Fortunately, we have a credible alternative to the notion that this was a “snuff film.” The most compelling evidence against this approach lies in evidence that the boy was never shot:
– No blood: Talal claimed the boy was bleeding for 15 or 20 minutes from a bullet wound that “exploded the boy’s stomach” (which would normally prove fatal), but the tape does not show any blood on the ground where Mohammed lay. Footage taken even on the morning of the following evidences no blood. Footage taken of the same spot later in the following day when the local Palestinian commander arrive to investigate does show a small amount of red substance under the father’s place at the barrel, but not where Mohammed lay. Why would Talal fail to have captured even a few seconds of the boy bleeding on the ground?
– No ambulance evacuation: Given how valuable ambulance evacuations are as footage and how quickly the ambulances tend to arrive, and the fact that we know an ambulance is in waiting just behind the boy and the father, one would expect a real case of evacuating the wounded to be extremely valuable footage to capture. Given Talal’s perfect positioning for filming an especially bloody scene of the wounded father and dead son, it seems incomprehensible that Talal has not one frame of an ambulance evacuation. Asked why not by Nahum Shahaf over the phone, Talal responds evasively: “because the ambulance driver was shot.” Asked why he didn’t take a picture of that, he responded, “because he was shot before he got to the boy.” That, of course, does not explain why he did not photograph the eventual evacuation. Enderlin replies to both anomalies by claiming that Talal told him that he was running out of batteries, although if that were the case, why did he not just run out his camera on the scene in front of him rather than film a later, undistinguished, ambulance scene?
– No shot of the boy arriving at the Hospital: And even if his camera battery were dead, Talal could have called ahead to Shiffa hospital to make sure that the arrival of the father and son would get filmed some half an hour later. But we have no shots from Shiffa hospital.

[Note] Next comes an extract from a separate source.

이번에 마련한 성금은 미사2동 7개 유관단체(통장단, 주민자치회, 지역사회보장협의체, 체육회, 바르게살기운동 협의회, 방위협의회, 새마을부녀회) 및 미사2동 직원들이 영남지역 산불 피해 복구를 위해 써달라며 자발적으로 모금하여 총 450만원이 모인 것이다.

– No bullets recovered: Shifa hospital, and the hospital in Jordan, despite allegedly dealing with two people suffering a total of 8 -15 bullet wounds (depending upon Jamal’s various bits of testimony), recovered not a single bullet or bullet fragment. Nor did the Talal, who told Esther Schapira he examined the site the next day. Perhaps aware that the lack of bullets made his case weak, when he claimed hundreds of bullets hit the wall and that he had counted forty bullet holes himself, Talal stated: “we have the bullets, the kind of the bullets, I photographed them.” When Schapira asks where the bullets are, Talal tells her to “consult the general… he could tell you.” When Schapira points out that the General does not have any bullets, Talal, the only employee of France2 at the scene at that time claims: “France2 collected…”. “So you’re doing a better job than the investigators,” Schapira responds as Talal registers the realization that his claim has no credibility. “No, no, no” Talal answers with a smirk , “We…we… we have our secrets… we cannot give anything… just everything.”